# New fishing boat.



## redneck_billcollector (Oct 13, 2014)

I am normally an offshore fisherman, but with the seasons what they are and the cost of getting offshore only going up, I decided I would spend more time fishing inshore.  Came across a good deal on an older model flats boat and decided to jump on it.  I had been messing with Tarpon up in the panhandle due to weather and low limits and short seasons for fish that I target offshore......just for kicks and relearned why I used to love to catch tarpon and other inshore fish. Here are some pictures of my boat, just ordered a bow casting platform and getting ready to get a riptide 80 i-pilot.

It is an 84 hull with no wood, Dolphin Back Country 16, back in the day these were the most popular boats with guides in the Keys and in the Bahamas.  It gets up and goes. With me (I am not small by no means) and the guy in the first picture in the boat along with two coolers full of ice,  tackle and a full tank of gas (23 gal.s) have no problem hitting 50mph on the gps (still have some throttle, just haven't had one of those glass smooth days yet where we felt good opening it up all the way).  It can cruise at around 40 mph with a heavy chop in the bay and it is smooth as silk....and dry.  They are well known for being the driest and smoothest ride for a boat in their class.  Can be fishing west bay in the morning, then run over to east bay in mere minutes with 20mph winds like there was weekend before last....and be dry.  
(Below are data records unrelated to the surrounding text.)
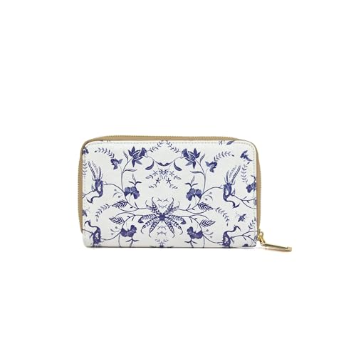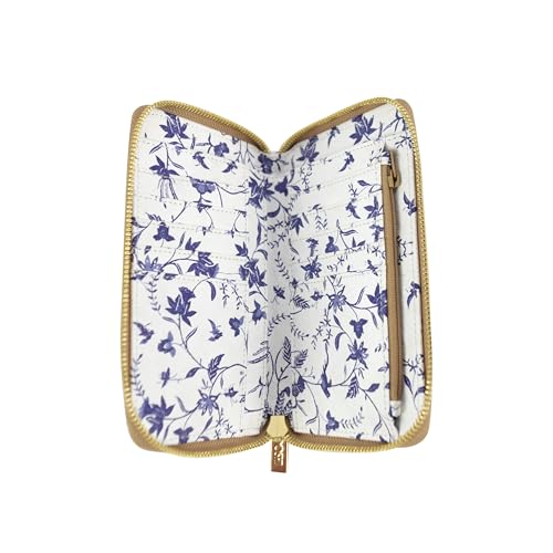 HOT ! DOSHI Zip Around Wallet - Kraft White & Blue Floral (Kraft Paper)
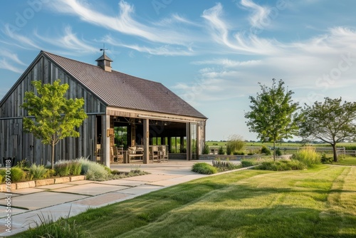 exterior, modern, architecture, building, landscape, grass, green, nature, outdoors, sky, summer, estate, farmland, front, horizon, luxury, outside, property, residential, barn, foreground, holland, dutch, home, new, rural, blue, country, design, field, house, metal, wall, agriculture, background, countryside, environment, farm, garden, contemporary, custom, driveway, expensive, farming, window, rustic
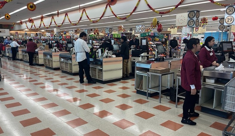 Then, we hit the food court. I wish we had a paper menu I could share with you. Eva had a saucy cheese street dish (Pav Bhaji) with toasted rolls, a mango lassi, a fruit drink AND a cup of hot masala chai. I had the cauliflower (Gobi Manchurian) and a odd little cookie coated with saffron (Kesar Vati).
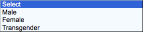 תחת מגדר (sex) ניתן לבחור בין: זכר, נקבה וטרנסג׳נדר.
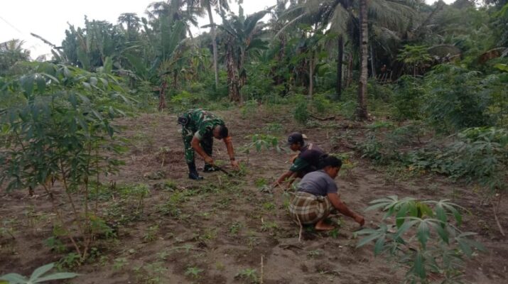 NTT – Ende/Nangapanda, Anggota Koramil 01/Ende Kopda Faisal Indrus melaksanakan pembersihan rumput yang tumbuh di tanaman kacang ijo yag berada di lahan milik Ibu Goreti di
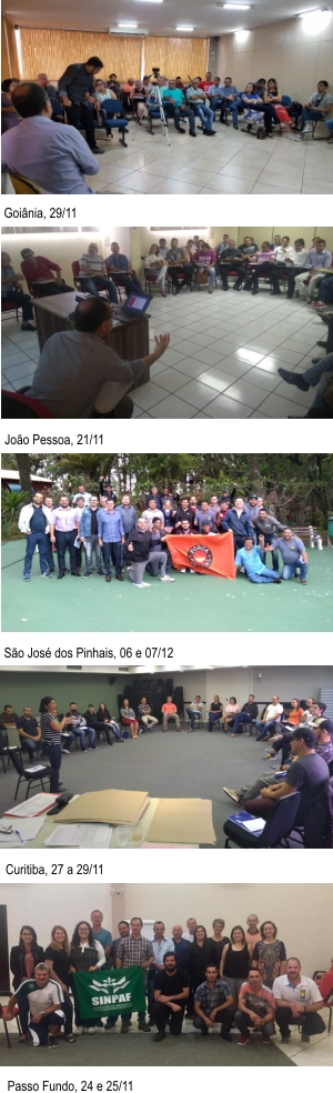 - Em 24 e 25/11, a Escola DIEESE de Ciências do Trabalho realizou o curso História do movimento sindical para o Sindicato Nacional dos Trabalhadores de Pesquisa e Desenvolvimento Agropecuário (Sinpaf), em Passo Fundo.
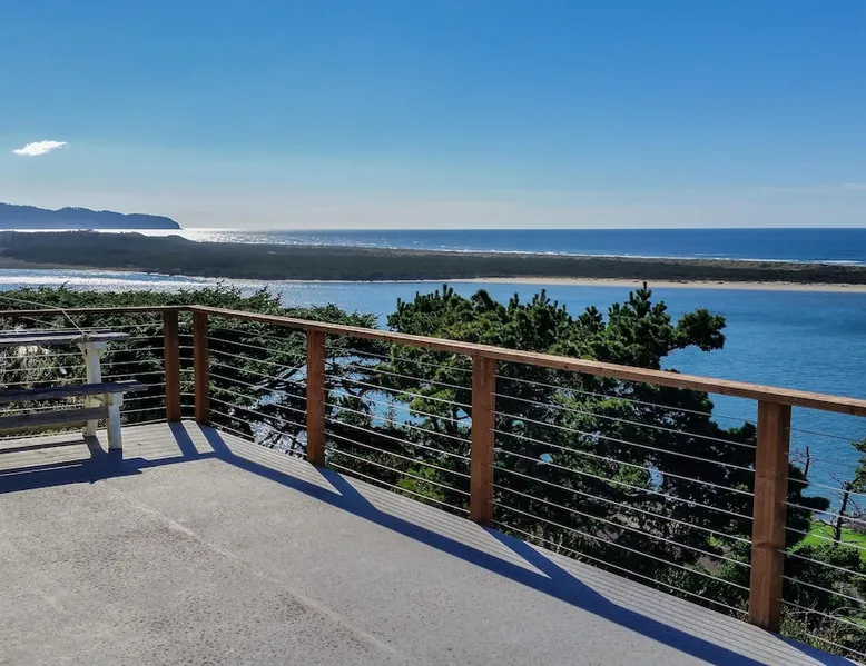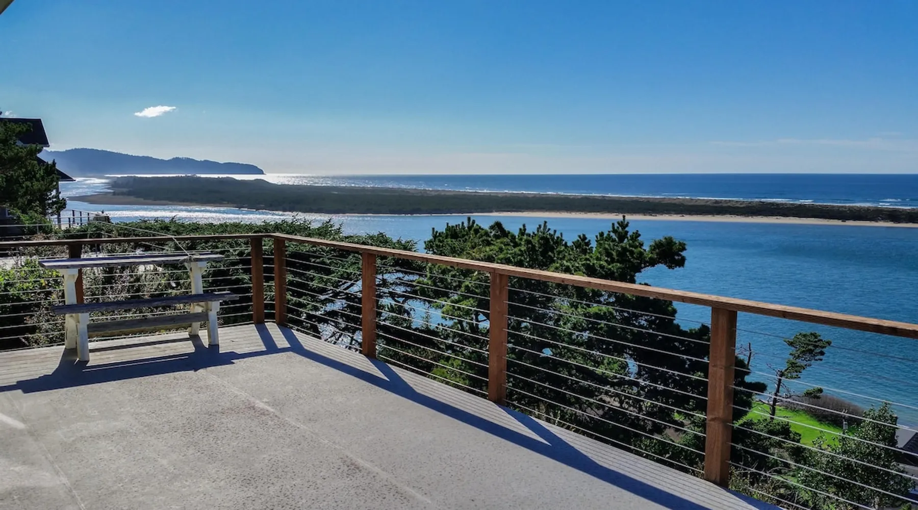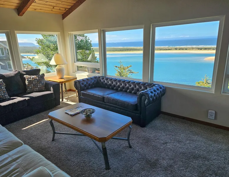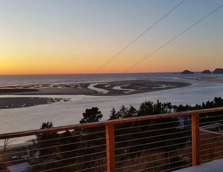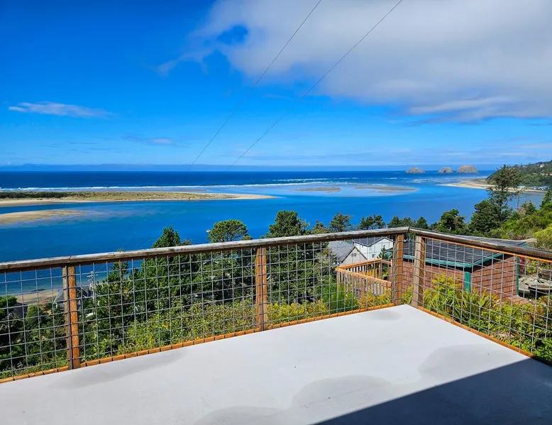 Beautiful home with gorgeous views of Netarts Bay and the Pacific Ocean with HOT TUB! The space BEAUTIFUL BAY AND OCEAN VIEW RETREAT! Enjoy spectacular bay and ocean views in this contemporary 3 bedroom, 2 1/2 bathroom home in Netarts, Oregon. Just minutes from the beach! The Vista View Retreat features a commanding straight-on view of Netarts Bay, the Pacific Ocean, and Three Arch Rocks in Oceanside. The perfect place to take advantage of the breath-taking sunsets and witness the drama of coastal storms as they roll in. Contemplate the sea or lose yourself in a novel from the comfort of the upper room that is dedicated to enjoying the gorgeous view and watching TV. Warm yourself by a crackling fire in the living room while listening to the sounds of the ocean and visiting with family and friends. Walk down the spiral staircase and snuggle into the sofa downstairs and watch an old movie or a football game on the over-sized flat screen smart TV. Sip wine, create a gourmet meal, and have long, luxurious chats in this well-appointed kitchen. While you are cooking, you can still enjoy the ocean views and the ever-changing hue of the bay as the sun sets or the storms roll in. There is a gas grill for your use stored in the garage space. Drift off to the sound of the ocean and the smell of salt air. The master bedroom has a private bath, queen bed, and view of the Three Arch Rocks. The 2nd bedroom has a queen bed and a full bathroom just outside the door. For additional sleeping there is a bunk bed located downstairs that has a double bed on the bottom and a twin on the top. Bring your beach clothes to layer for sunny or stormy weather. No matter which, be ready for fun-filled days. Watch the sun set over the ocean, take a long deep breath and exhale. Welcome to your home away from home - The Vista View Retreat! ** Note: Up to 2 dogs are welcome to come! There is a $65 pet fee for the additional cleaning required after your departure. ** Note: Your nightly rate includes damage insurance should anything accidentally break or get ruined during your stay. ** Note: I send out a rental acknowledgment to sign electronically after a booking is made. It is very straightforward and simple, but if you would like a copy of the contract beforehand, just let me know! :-) Registration number: STVR#851-15-00018
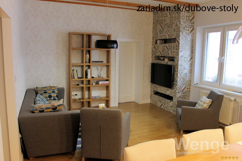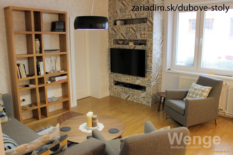 Zariadenie interiéru na mieru: - knižnica - komoda - nika v stene - stôl
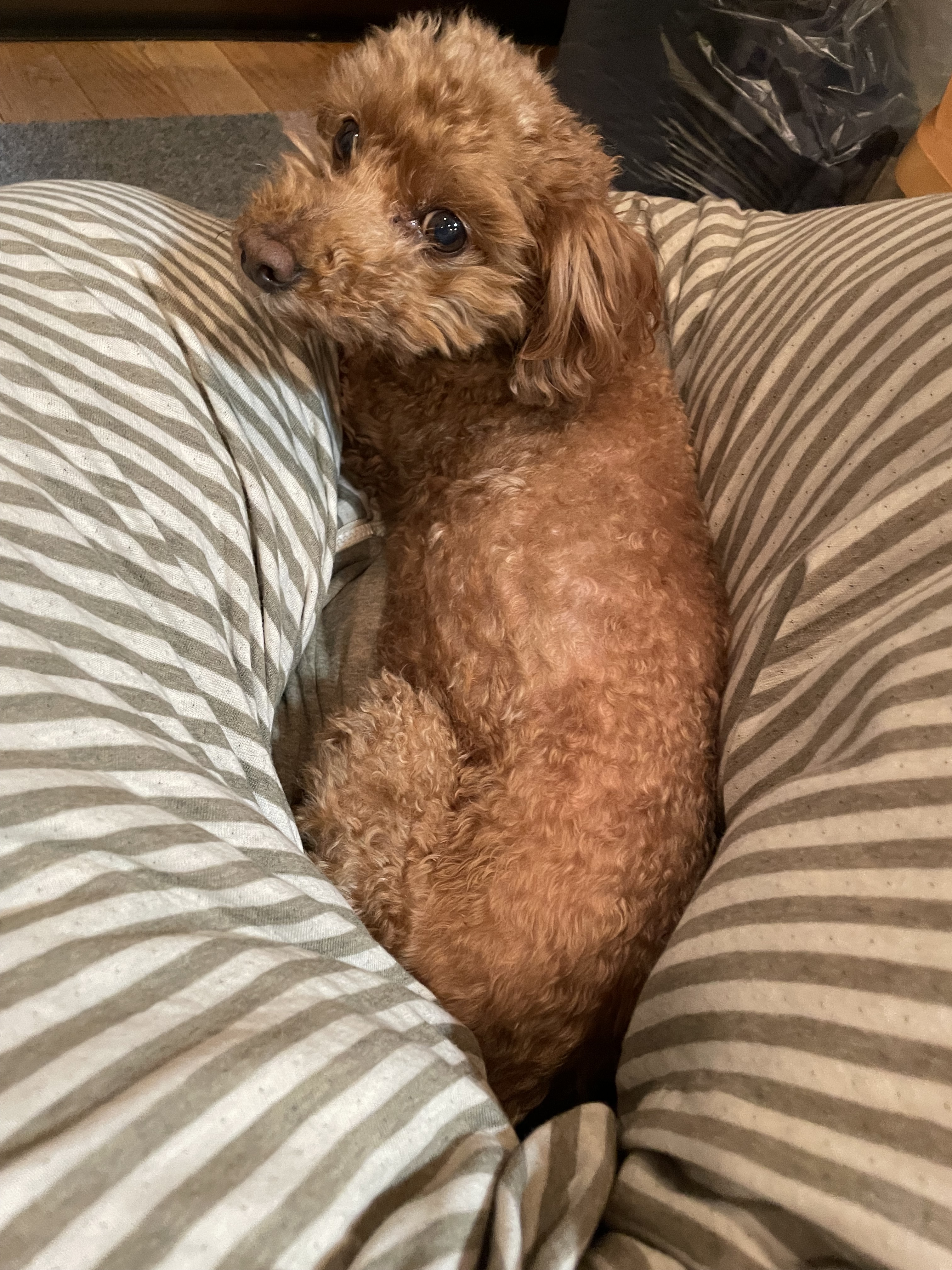 もうすぐ、今年も終わり。1年のなんと速いことよ。そして、今朝もいつもと変わらずに、ルウとコナツのお散歩に行きました。コナツ、このところ、夕方のお散歩でしか、うん○が出なかったのですが、今朝はなんと3つも良いうん○が出たのです。コナツえらいね〜と言いながら、それ用のビニール袋で取ったのです。そして、水もかけて、歩き始めようとした時に。。。え?と気付いたのでした。私の両手にコナツのうん○が付いているじゃないですか(o_o)なんで〜?こんなこと、初めて〜(・_・;ちゃんと袋に入れたつもりが、ちゃんと入っていなかったのでしょうか。よくみたら、お散歩バッグにもチョンチョンと付いてる!お散歩バッグに入ってるウエットティッシュを取ろうにも一苦労。ひゃー、これは大変。わたしのダウンジャケットにも付いてるかも。。。とりあえず、見てわかるところはウエットティッシュで拭き取り、ササッとお散歩をすませて帰宅。今日は、シーツや枕カバーも洗いたくて、朝から洗濯機2回も回してたんですが、ついに3回目も。ダウンジャケットとお散歩バッグも洗いました。いやはや。。。ある意味、朝からついてたよね。運が良かったってことで。。。はははっ(^_-)でも、お散歩してる間に、チョロジに庭の枯葉(だいぶ前に、かなり伸びていた雑草を抜いて、そのまま置いていたもの)をゴミ袋に詰めてもらうのを頼んでおいたら、綺麗に片付けてくれて、とても助かりました。うんうん、だから、今日はキレイになって良かったよ〜。お散歩バッグも、ひっくり返したら、中がめっちゃ汚れていたしね。そろそろ、洗いなさいってことだったんだね〜(^_^;)「ほら、あたしのおかげでいろいろキレイになったでしょ」うーん、まあ、そっかな(^^;;

The boat poles like a charm, I have no experience at doing that and yet had no problem controlling the boat with whitecaps just off the point in the bay.  If any of yall have true flats boats, i would love to see some pictures so I can get some ideas on what I might want to do with my boat.


----------



## redneck_billcollector (Oct 13, 2014)

Picture of me poling the boat for the first time.....easy. Way up on the flats in East Bay....the weather wasn't the greatest....strong winds from the south so we were in a leeward part of the bay.  You can really see fish from up there....


----------



## Anvil Head (Oct 14, 2014)

Now that's just real sweet!
Heard a lot about those old Dolphins being the solid ticket. Sure wish I had one. I'm sure you'll get a lot of good hard use out of that one. 
Got to where I prefer skinny water sight fishing over all other approaches. Lost any affinity for dredging with bait after pulling duty on a grouper snatcher many moons ago.


----------



## redneck_billcollector (Oct 14, 2014)

Anvil Head said:


> Now that's just real sweet!
> Heard a lot about those old Dolphins being the solid ticket. Sure wish I had one. I'm sure you'll get a lot of good hard use out of that one.
> Got to where I prefer skinny water sight fishing over all other approaches. Lost any affinity for dredging with bait after pulling duty on a grouper snatcher many moons ago.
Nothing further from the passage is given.